Does anybody have a source they would be willing to share? shippable preferred but im sure people might benefit if local sources were suggested as well.

thanks,
-Jim


----------



## trckrunrmike (Jan 31, 2005)

They have some at Aquaforest in San Francisco but there were selling it for $2 a pound. Well lets say thats better than Hong Kong where they were selling the exact rock (ADA brand) for $10 a stone.

It feels very weird, feels fake but it isn't. Its like a rubbery texture, lightweight, and just strange.


----------



## plantbrain (Jan 23, 2004)

It also breaks apart nicely and rather easily.
It's like hard clay.

Regards, 
Tom Barr


----------



## JimM (Aug 26, 2005)

wow they sound so cool... lightweight so that would help when shipping them.. Aquaforest, I'm not suprised, this shop looks outstanding and I hope its continued success will pave the way for others like it to spring up across the country. I'm tempted to buy a plane ticket and ship myself to San Fran to spend my life savings  

anyone else have other sources they wouldnt mind sharing?


----------



## Kharn (Nov 9, 2004)

For those living in Europe,, you can get Aquaristic to order OHKO ( Dragon ) stones from this site..

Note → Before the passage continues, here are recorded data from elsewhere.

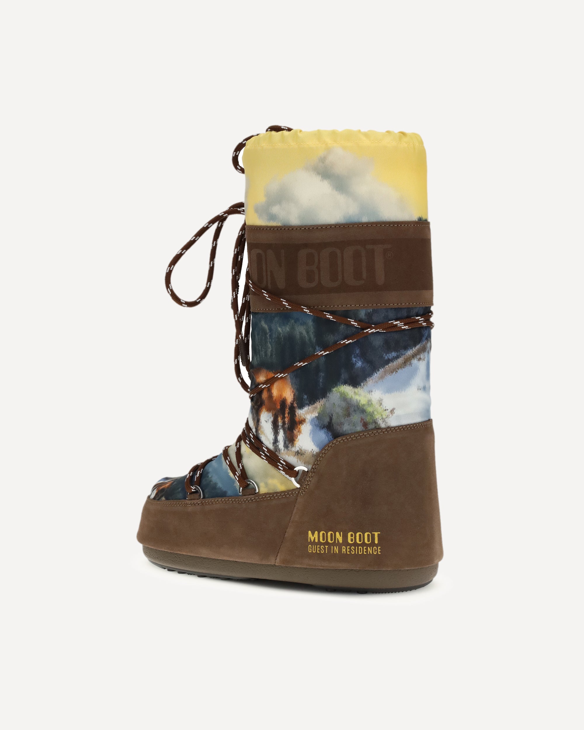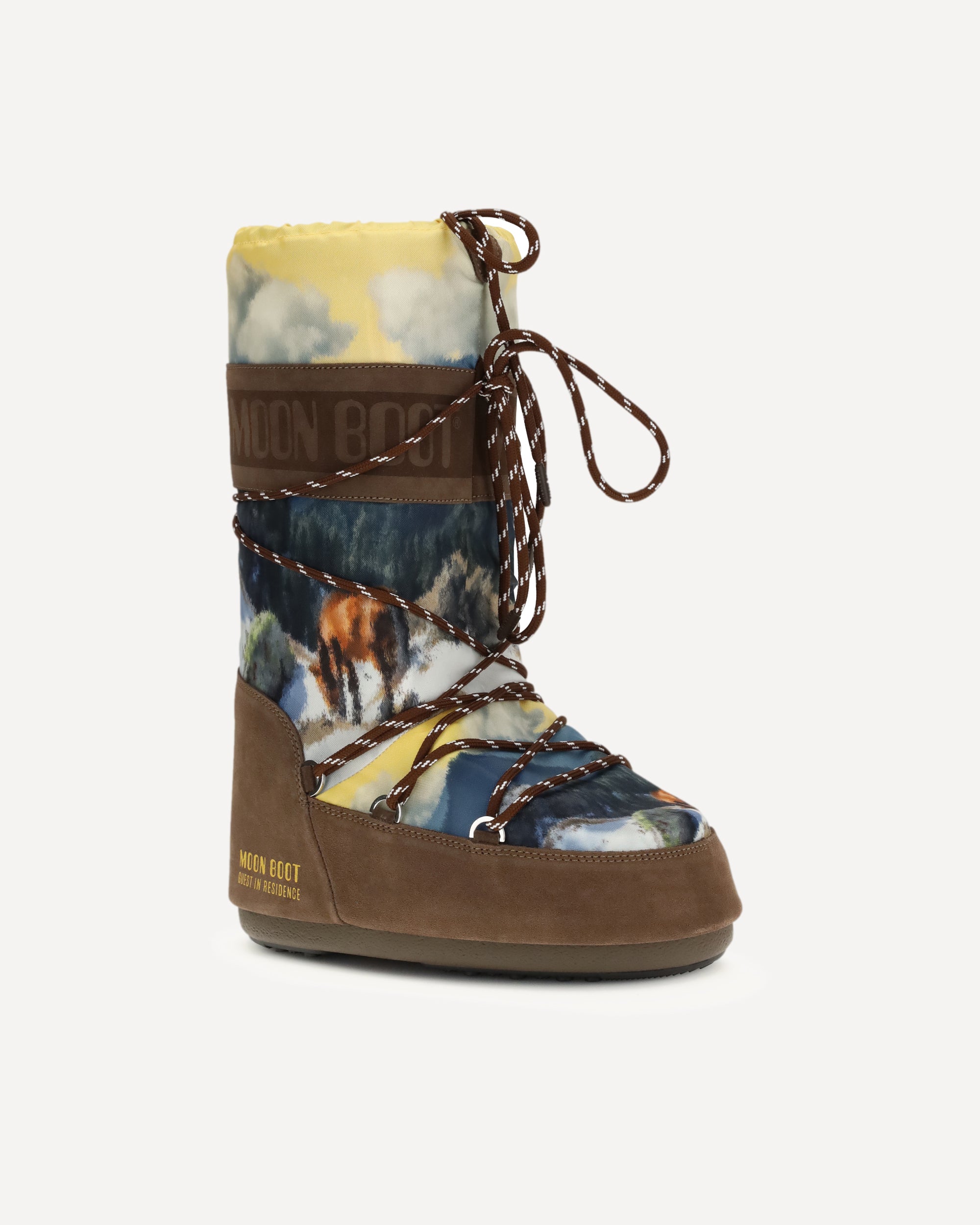 The Moon Boot X Guest In Residence print Boots combine fashion and functionality with a bold and original design. The unique and charming landscape print gives these boots a distinctive touch. The suede paneled design adds texture and style, while the lace-up closure ensures a secure fit. The rubber outsole ensures grip and comfort, while the knee-high design offers protection from the elements. Perfect for those looking for a pair of boots that are as functional as they are unique, with an artistic and refined twist.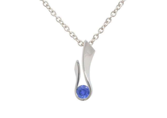 Flame Pendant with Pear Gemstone, Sterling Silver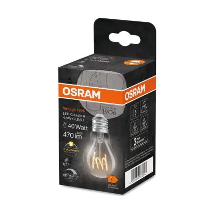Die Osram Vintage 1906 LED Classic Slim E27 Birne Fadenlampe Klar 4.8W 470lm - 827 Extra Warmweiß | Dimmbar - Ersatz Für 40W ist eine effiziente E27 LED-Lampe mit Retrodesign und der perfekte Ersatz für Ihre konventionellen 40W Lampen mit E27. Zudem strahlt sie Licht in der Farbtemperatur 2700K - Extra Warmweiß aus und punktet durch eine lange Lebensdauer.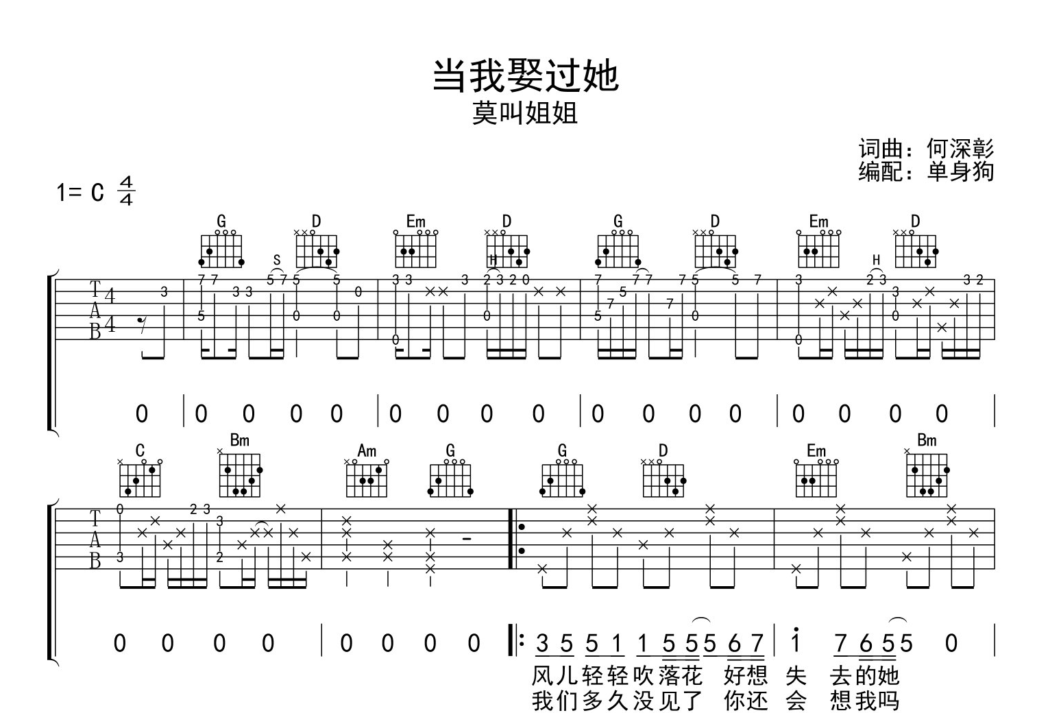 曲谱介绍: 当我娶过她吉他谱,莫叫姐姐演唱,来自创作者单身狗的制谱,选用C调指法,可根据自己音域条件调整遍地哦啊接,包含完整的前奏部分还原度较高,弹唱较为简单。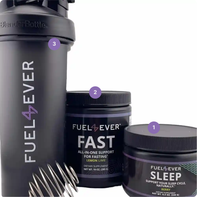 Improve sleep quality with SLEEP, support your fasting routine with FAST, and mix it all up effortlessly with the Fuel 4 Ever BlenderBottle®—your ultimate wellness companion.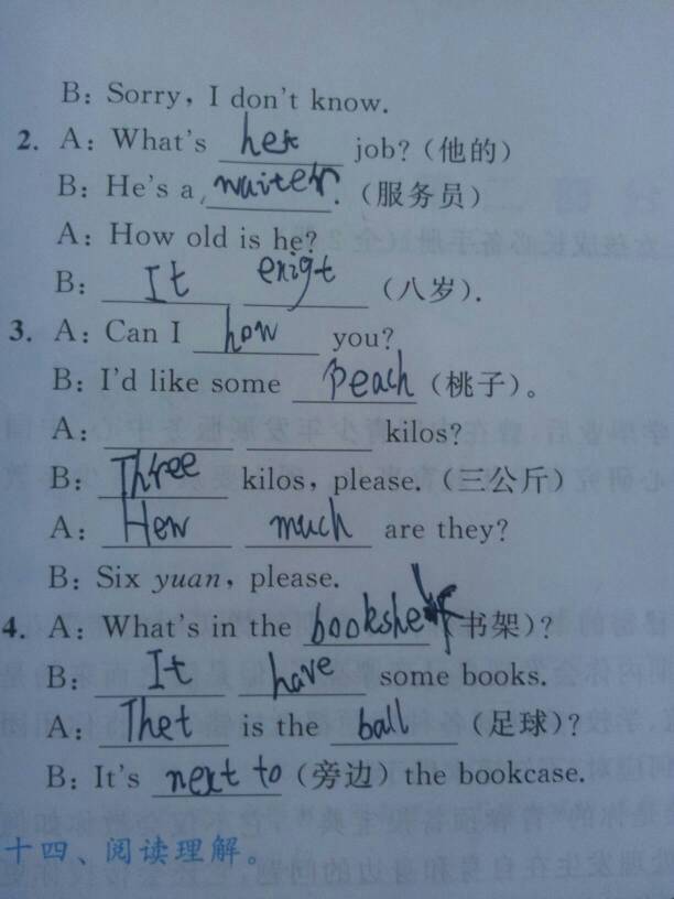 求全部答案,帮小孩检查作业,不会啊,谢谢大神们 点击展开 匿名用户 2014-07-15 14:28 满意回答 ; 匿名用户 2014-07-15 14:44 宝宝知道提示您:回答为网友贡献,仅供参考。 为您推荐: 其他回答 给我财富 匿名用户 2014-07-15 14:48 应该是How many 匿名用户 2014-07-15 14:42 2,his 3.help 匿名用户 2014-07-15 14:41 相关问题 请结婚,生过小孩的母亲给予我一个正确的迷题答案 谢谢!!!!! 我跟我女朋友都同居一年的时间了,还没小孩 我想去检查检查 求大神指点 谢谢了 请问小朋友养兔子有没有什么问题?是小孩,很小的 只有一岁而已!寻求答案!谢谢大家了!
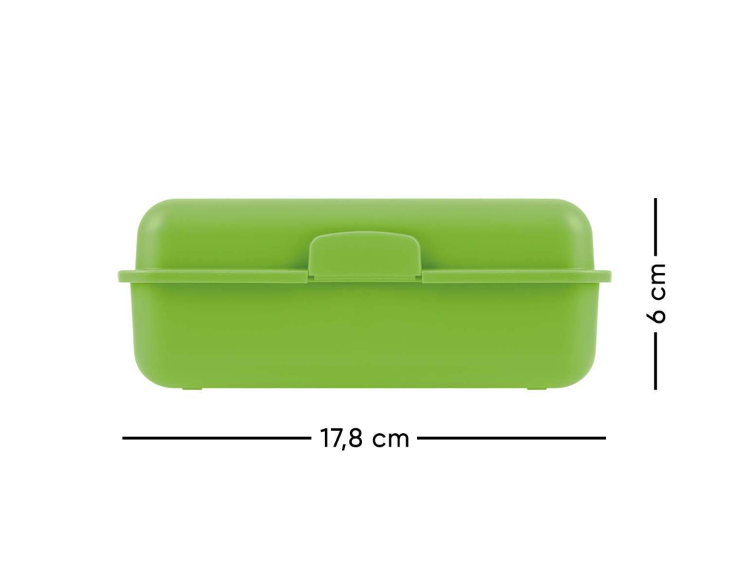 • Plastový box na svačinu v zelené barvě.• Box má uzavírání na jeden zámek a dělicí přepážku.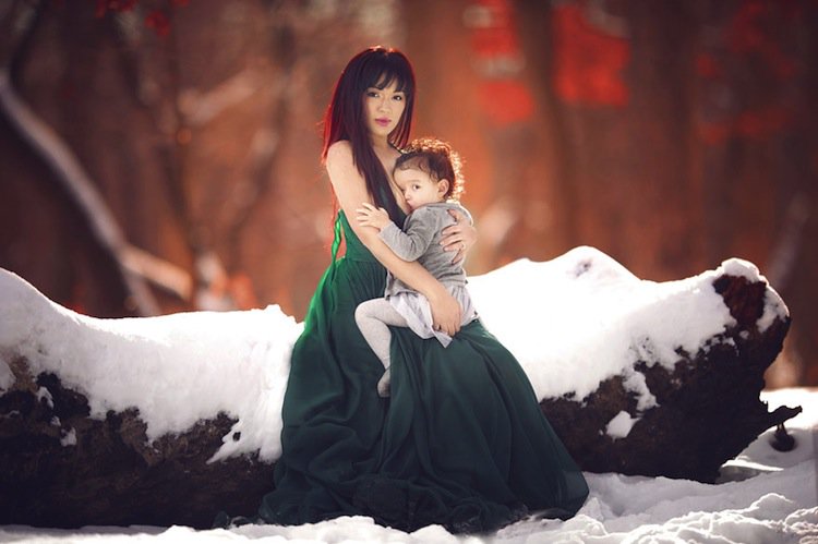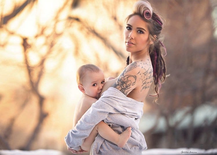 You don't often see mother and baby photos where the mom is breast feeding. At least, not stunning pictures like the ones below. Photographer Ivette Ivens created a series of highly stylized photos taken of women breastfeeding outside, many of them wearing next to nothing. Ivens is a breast feeding proponent and wants everyone to know it's ok to feed your child from the breast, in public. Ivens work was recently featured in an exhibition in Chicago called 'I Breastfed My Toddler'. The 25 year old is a mother of two who nursed her first born until he was three years old, 'I nursed them both anywhere I wanted,' she told 'BoredPanda', 'From church to parties, from farmer's markets to high end designer stores. I believe that mothers should nurse their little ones whenever they want to.' Check out her beautiful work below!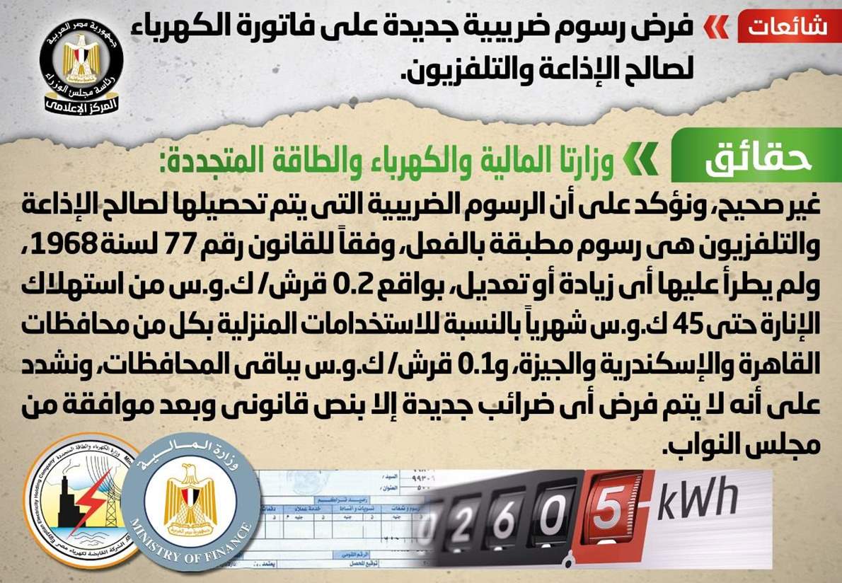 وتواصل المركز الإعلامي لمجلس الوزراء مع وزارتي المالية والكهرباء والطاقة المتجددة، وقد تم نفي تلك الأنباء، وأكدت الوزارتان أنه لا صحة لفرض أي رسوم ضريبية جديدة على فاتورة الكهرباء لصالح الإذاعة والتلفزيون.

http://www.aquadeco.com/english.html

I just got 75 kg deliverd in diffrent sizes and i have to say they look awesome.

according to aquadeco they can deliver up to 1,5 meters pillars of ohko stones

the shipping would probably be devestating to the US though 

Good Luck

Jimmy


----------



## JimM (Aug 26, 2005)

Kharn said:


> For those living in Europe,, you can get Aquaristic to order OHKO ( Dragon ) stones from this site..
> 
> http://www.aquadeco.com/english.html
> 
> ...


haha.. great! now we are getting somewhere.. I wonder if the shipping would be less than a plane ticket to SF. 

this will be helpful to any European looking them tho, thanks.


----------



## plantbrain (Jan 23, 2004)

Why not call AF and see if they will ship?
They ship tanks.

Regards, 
Tom Barr


----------